Die jüngsten Vorfälle haben die Gesellschaft weiter polarisiert. Für gut ein Drittel der Wähler bleibt Morales der Mann, der Bolivien in einer vierten Amtszeit regieren kann. Cortez: "Was kommt nach Morales? Diese Angst hat vor allem damit zu tun, dass die Leute ihre verbesserte wirtschaftliche Lage nicht verlieren möchten." Bolivien weist seit Jahren nachhaltiges Wachstum auf.
Die Opposition hat nicht nur das Problem, dass sie nicht einheitlich auftritt, sondern, wie Cortez sagt, dass sie nicht sichtbar ist. "Sie sind zwar da, machen aber keine Kampagne." Der aussichtsreichste Gegenkandidat sei Carlos Mesa. Er tritt für eine bürgerliche Allianz an und war bereits von 2003 bis 2005 Präsident Boliviens.
"Die Brände haben das Wählerverhalten verändert, Morales stagniert in vertrauenswürdigen Umfragen bei 37 Prozent der Stimmen." Dies erhöhe die Wahrscheinlichkeit sehr, dass es zu einem zweiten Wahlgang kommt.
Da könnte der Gegenkandidat alle Stimmen der Opposition vereint erhalten.

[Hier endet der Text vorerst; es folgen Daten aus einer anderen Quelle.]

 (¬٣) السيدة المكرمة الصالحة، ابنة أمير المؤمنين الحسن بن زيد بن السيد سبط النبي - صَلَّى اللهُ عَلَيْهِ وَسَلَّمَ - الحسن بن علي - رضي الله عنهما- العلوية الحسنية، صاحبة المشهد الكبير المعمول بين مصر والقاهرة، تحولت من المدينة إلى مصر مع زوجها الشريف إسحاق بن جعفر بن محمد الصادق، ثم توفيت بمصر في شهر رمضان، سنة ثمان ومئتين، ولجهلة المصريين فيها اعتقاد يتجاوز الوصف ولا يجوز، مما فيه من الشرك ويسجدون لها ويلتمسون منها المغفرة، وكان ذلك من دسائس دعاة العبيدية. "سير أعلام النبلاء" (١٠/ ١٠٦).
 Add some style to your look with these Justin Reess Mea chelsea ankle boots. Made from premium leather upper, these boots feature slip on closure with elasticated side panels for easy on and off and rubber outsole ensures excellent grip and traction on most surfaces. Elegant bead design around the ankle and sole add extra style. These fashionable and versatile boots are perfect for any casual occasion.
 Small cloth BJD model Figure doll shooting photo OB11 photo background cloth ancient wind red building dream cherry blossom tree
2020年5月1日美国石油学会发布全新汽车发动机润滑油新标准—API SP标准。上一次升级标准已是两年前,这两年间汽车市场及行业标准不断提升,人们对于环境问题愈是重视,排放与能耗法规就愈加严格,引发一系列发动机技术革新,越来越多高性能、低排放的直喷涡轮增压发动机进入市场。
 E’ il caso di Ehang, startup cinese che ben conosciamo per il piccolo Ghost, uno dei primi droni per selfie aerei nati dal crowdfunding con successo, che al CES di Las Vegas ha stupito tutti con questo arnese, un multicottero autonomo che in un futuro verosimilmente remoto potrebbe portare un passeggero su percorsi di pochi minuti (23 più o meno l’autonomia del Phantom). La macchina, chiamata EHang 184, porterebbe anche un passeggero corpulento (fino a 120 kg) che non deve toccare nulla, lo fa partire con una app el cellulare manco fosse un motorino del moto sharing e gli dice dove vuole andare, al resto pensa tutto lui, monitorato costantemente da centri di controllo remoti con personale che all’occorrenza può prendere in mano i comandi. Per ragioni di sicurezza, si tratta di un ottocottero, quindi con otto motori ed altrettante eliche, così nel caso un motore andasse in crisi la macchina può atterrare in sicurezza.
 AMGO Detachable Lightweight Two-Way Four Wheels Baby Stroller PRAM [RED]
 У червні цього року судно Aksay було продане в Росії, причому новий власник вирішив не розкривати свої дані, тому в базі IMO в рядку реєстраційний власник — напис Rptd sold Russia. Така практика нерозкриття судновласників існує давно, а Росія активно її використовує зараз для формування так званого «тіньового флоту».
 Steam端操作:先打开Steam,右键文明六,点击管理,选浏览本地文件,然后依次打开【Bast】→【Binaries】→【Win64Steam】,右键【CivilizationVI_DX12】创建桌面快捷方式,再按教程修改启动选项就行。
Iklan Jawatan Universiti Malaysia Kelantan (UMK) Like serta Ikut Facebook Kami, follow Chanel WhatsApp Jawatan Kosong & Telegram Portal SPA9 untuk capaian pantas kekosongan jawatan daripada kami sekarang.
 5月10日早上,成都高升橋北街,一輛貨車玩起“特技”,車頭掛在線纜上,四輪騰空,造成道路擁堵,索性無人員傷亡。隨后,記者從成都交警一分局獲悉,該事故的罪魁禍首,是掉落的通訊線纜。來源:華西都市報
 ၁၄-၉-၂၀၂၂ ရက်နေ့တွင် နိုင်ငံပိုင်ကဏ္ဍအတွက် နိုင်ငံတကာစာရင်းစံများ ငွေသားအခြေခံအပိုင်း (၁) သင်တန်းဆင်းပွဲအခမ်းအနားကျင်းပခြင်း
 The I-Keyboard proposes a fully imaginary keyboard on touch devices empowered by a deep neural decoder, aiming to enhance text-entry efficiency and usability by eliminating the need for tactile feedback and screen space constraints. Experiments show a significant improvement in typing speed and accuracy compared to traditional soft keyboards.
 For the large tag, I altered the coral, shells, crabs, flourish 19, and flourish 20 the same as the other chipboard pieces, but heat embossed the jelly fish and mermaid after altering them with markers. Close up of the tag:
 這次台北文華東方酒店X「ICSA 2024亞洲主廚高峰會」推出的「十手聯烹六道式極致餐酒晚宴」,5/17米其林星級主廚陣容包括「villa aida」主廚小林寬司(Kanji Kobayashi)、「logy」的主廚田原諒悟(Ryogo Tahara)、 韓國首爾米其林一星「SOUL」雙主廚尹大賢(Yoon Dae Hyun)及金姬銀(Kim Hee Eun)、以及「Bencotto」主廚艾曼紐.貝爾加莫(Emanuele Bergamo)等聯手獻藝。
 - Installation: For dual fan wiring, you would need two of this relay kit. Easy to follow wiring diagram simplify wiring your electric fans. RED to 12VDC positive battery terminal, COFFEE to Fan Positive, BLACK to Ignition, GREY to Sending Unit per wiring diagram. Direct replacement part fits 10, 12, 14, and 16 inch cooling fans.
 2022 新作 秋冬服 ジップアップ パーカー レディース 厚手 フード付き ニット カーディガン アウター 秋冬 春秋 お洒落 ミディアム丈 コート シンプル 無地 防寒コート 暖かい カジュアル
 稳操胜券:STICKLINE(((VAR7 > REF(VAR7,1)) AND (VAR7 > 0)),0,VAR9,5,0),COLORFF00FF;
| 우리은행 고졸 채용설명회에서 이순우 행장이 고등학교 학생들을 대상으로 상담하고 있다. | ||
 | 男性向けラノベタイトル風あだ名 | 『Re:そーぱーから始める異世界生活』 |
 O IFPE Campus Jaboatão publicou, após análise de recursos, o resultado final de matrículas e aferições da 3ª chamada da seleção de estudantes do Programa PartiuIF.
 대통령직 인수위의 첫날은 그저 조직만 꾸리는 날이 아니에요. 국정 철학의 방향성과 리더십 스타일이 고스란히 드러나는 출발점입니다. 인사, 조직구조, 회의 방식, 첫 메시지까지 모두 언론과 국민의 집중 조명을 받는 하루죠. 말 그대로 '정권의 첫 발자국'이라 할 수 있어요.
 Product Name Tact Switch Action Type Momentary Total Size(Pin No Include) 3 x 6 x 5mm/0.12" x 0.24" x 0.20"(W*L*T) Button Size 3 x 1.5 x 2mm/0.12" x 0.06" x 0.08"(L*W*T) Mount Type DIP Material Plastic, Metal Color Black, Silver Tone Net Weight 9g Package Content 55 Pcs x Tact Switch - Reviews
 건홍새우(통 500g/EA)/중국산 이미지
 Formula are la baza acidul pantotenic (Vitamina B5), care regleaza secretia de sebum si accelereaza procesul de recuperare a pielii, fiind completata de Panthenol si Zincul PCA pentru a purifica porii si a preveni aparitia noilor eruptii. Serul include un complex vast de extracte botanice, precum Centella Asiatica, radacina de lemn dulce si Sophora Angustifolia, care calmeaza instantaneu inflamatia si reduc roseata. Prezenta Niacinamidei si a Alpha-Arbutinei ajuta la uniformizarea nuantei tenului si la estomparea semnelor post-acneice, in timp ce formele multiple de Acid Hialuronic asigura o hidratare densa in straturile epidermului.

Eines ist sicher, auch wenn Morales gewinnt, im Parlament wird er keine Mehrheit mehr erreichen. Dies wird ihm künftig das Regieren sehr erschweren. Bei einem Sieg fürchtet Morales außerdem einen Putsch, wie er diese Woche mitteilte. "Ich kann es beweisen, ich habe Aufnahmen aus dem Umfeld der Opposition, sie drohen damit."